■ Work instructions ■
Reproduce the lines below exactly, from the one containing "Ghete dama îmblanite" through the one containing "七夕飾りも利用者様と一緒に制", both included. Leave out any pictures.

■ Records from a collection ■
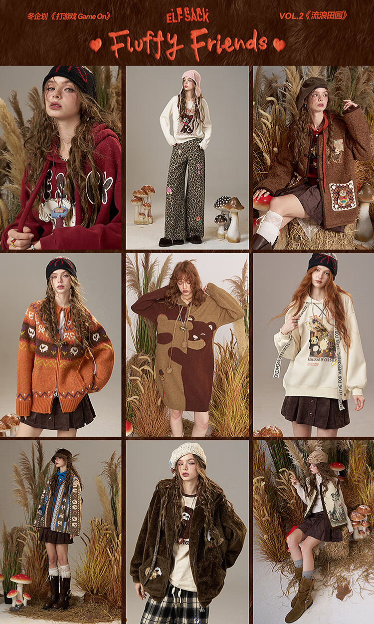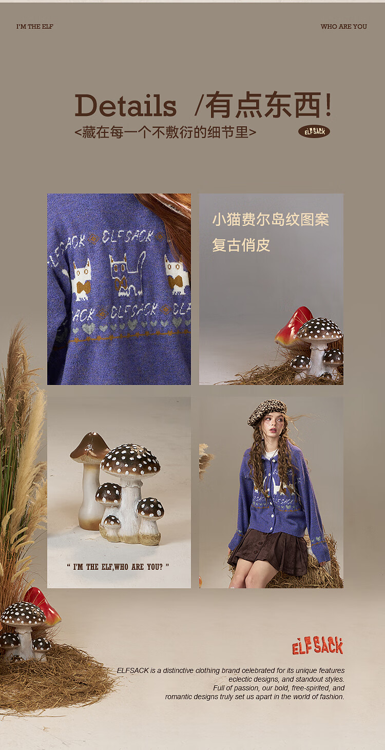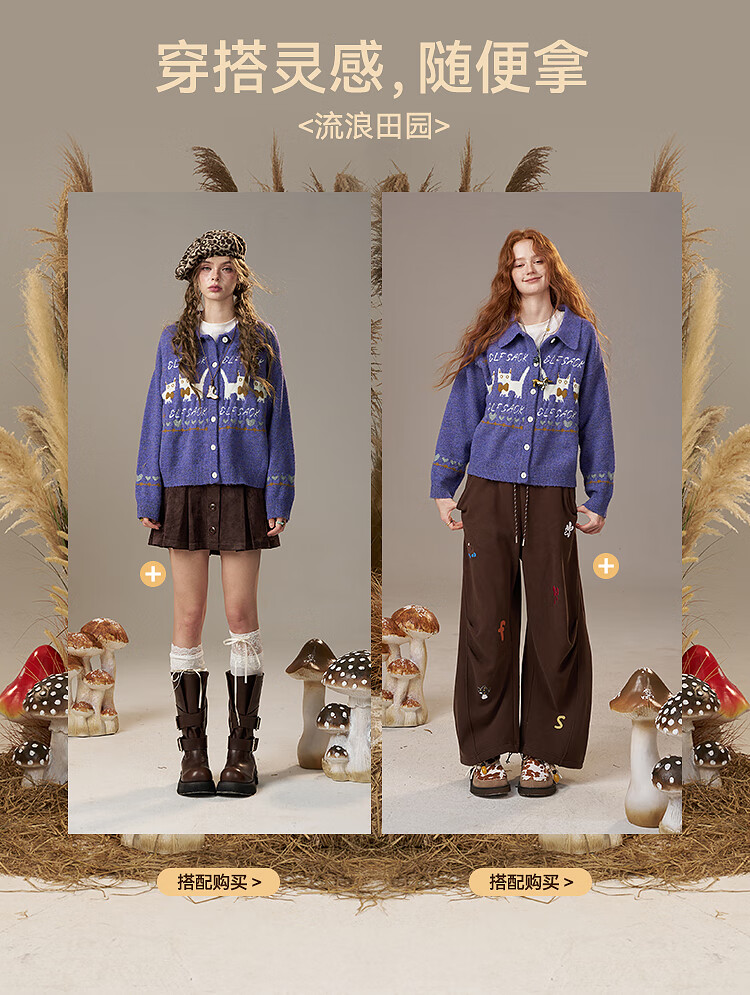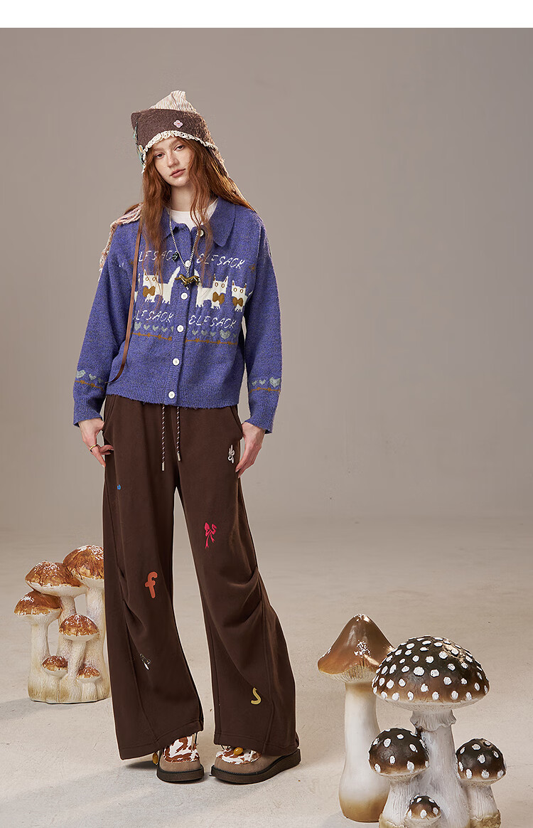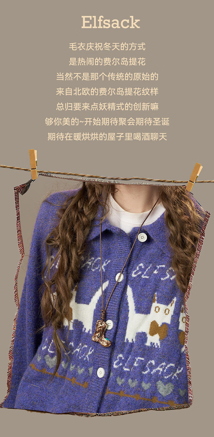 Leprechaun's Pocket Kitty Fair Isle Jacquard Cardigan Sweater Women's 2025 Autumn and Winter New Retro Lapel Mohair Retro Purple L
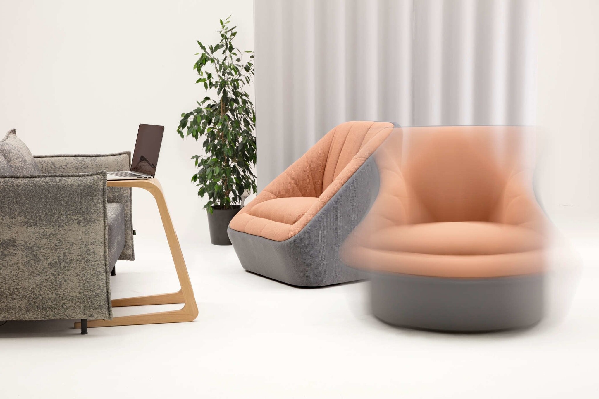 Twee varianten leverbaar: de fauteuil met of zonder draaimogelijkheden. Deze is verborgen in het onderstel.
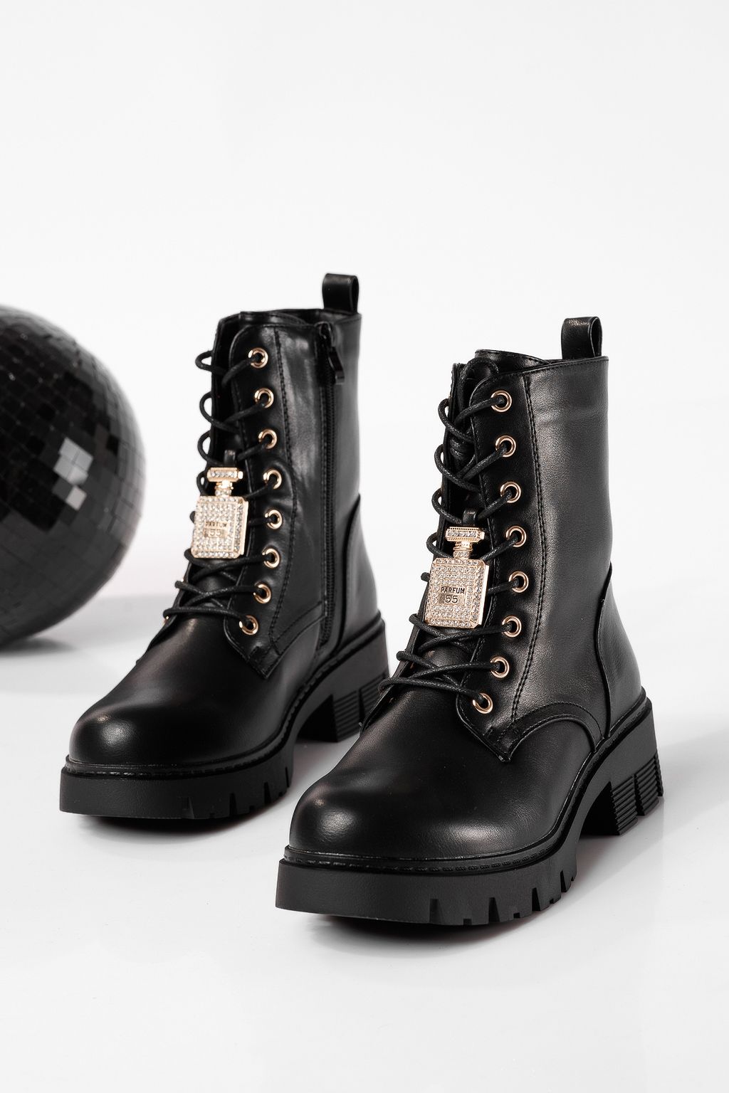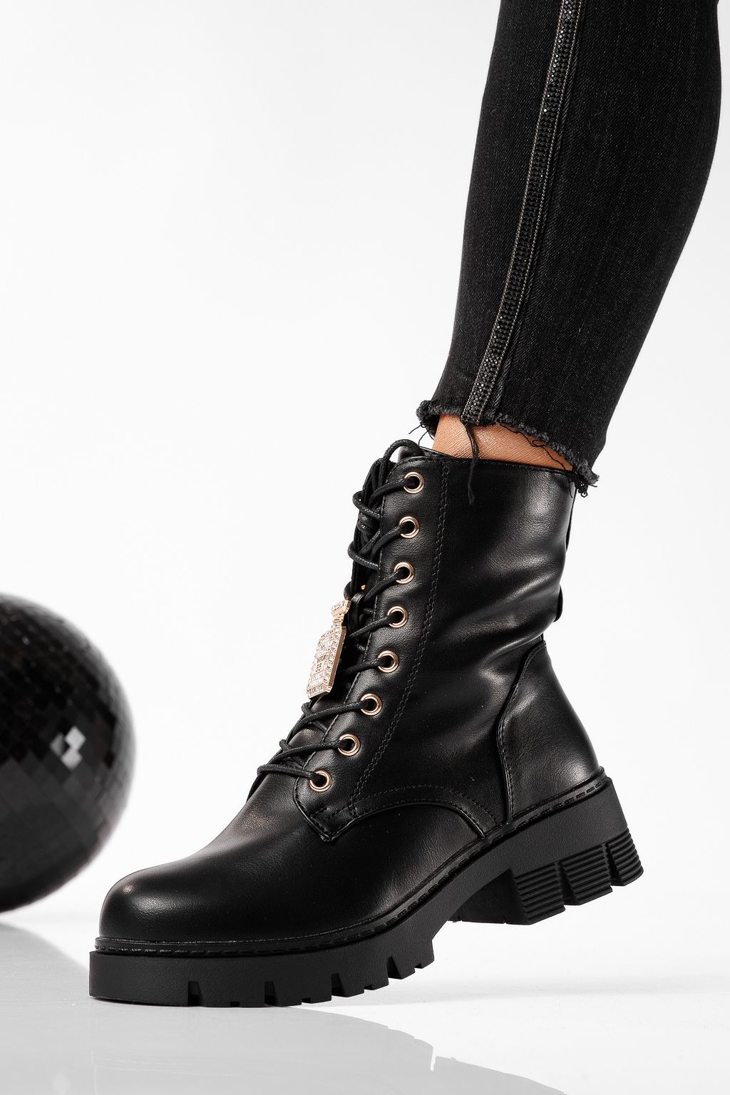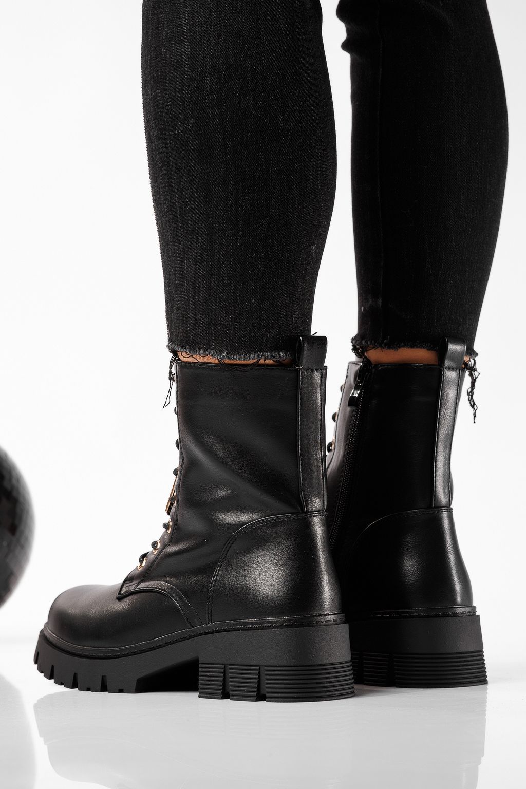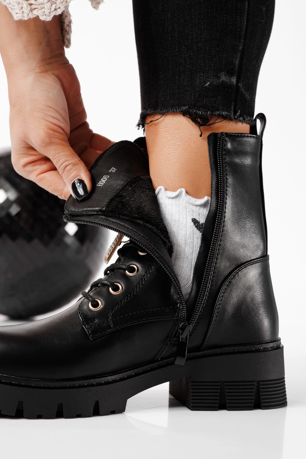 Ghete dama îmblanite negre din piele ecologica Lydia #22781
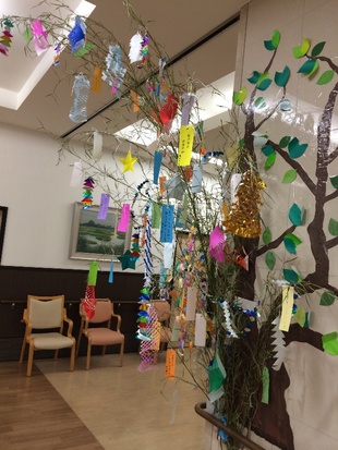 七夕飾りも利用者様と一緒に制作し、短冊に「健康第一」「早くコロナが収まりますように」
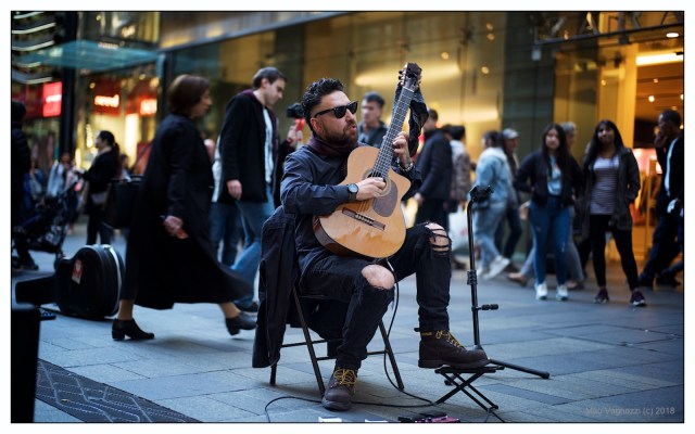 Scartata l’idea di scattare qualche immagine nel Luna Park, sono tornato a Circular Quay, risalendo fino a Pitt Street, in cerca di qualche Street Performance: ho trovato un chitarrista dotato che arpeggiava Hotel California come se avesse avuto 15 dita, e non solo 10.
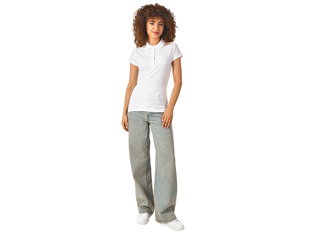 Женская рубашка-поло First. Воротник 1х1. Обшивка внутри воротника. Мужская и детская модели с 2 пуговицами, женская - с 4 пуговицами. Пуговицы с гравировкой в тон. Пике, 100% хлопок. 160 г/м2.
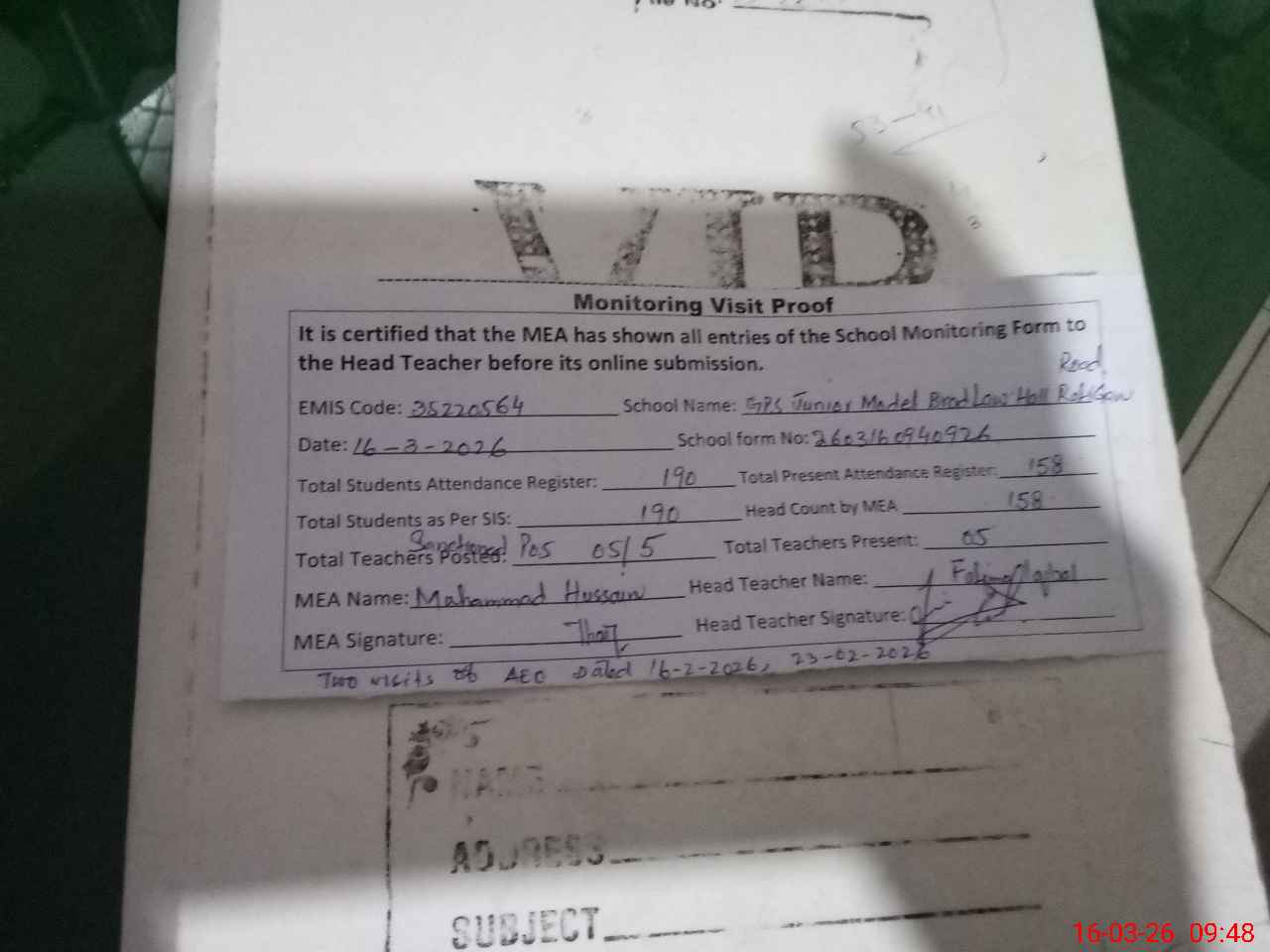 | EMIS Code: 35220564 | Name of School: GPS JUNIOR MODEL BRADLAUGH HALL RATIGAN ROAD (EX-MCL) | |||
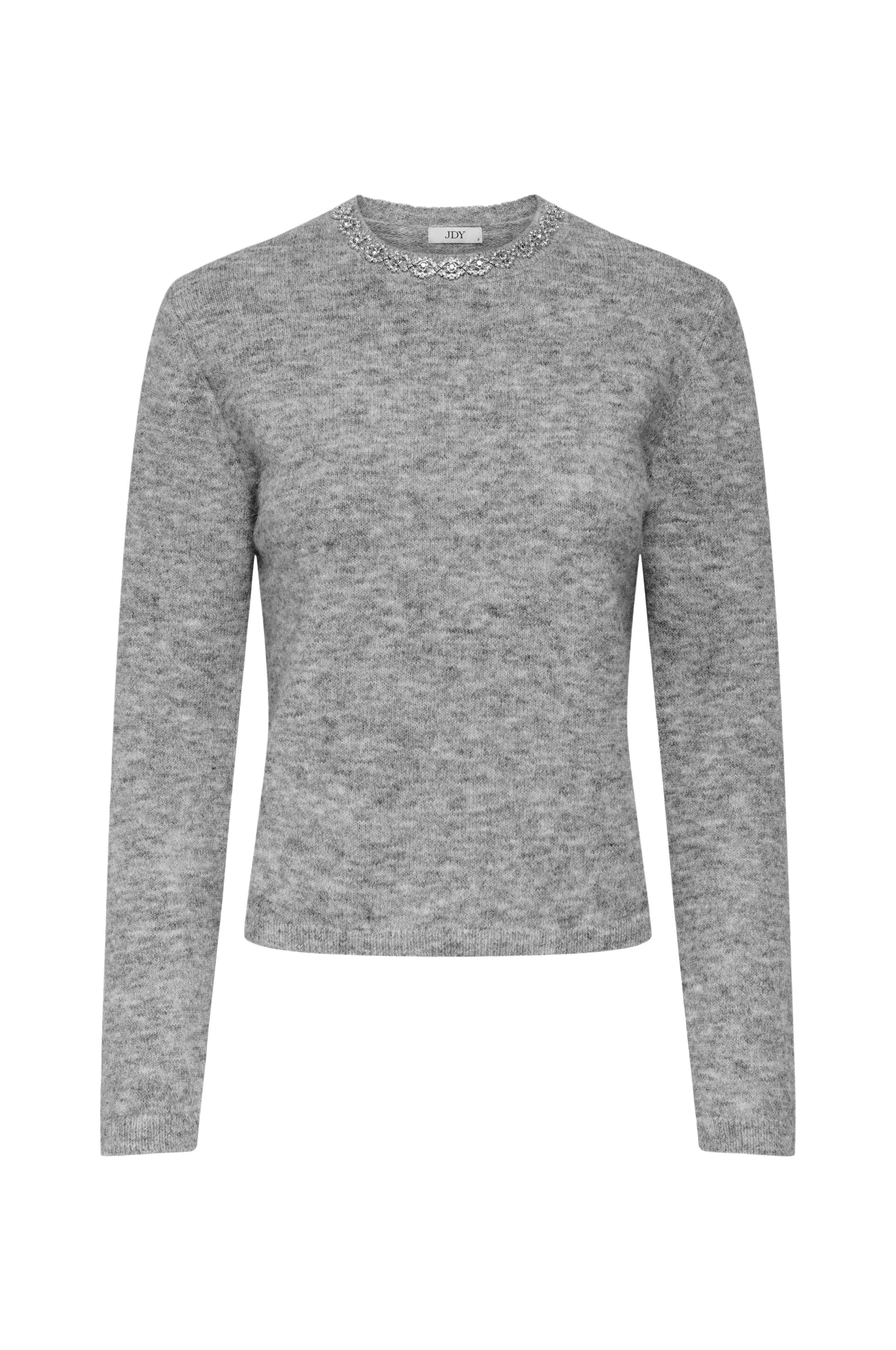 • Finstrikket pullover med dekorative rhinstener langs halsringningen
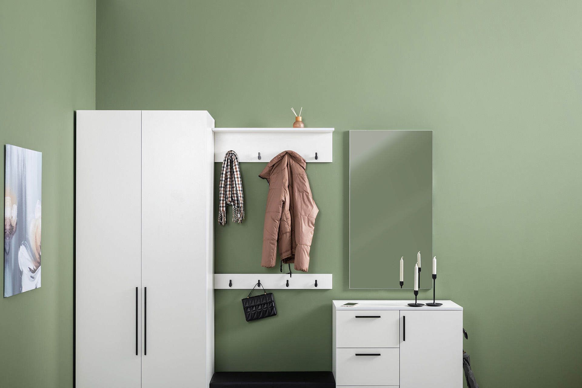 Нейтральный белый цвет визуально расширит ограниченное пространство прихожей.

■ Result ■
 Ghete dama îmblanite negre din piele ecologica Lydia #22781
 七夕飾りも利用者様と一緒に制作し、短冊に「健康第一」「早くコロナが収まりますように」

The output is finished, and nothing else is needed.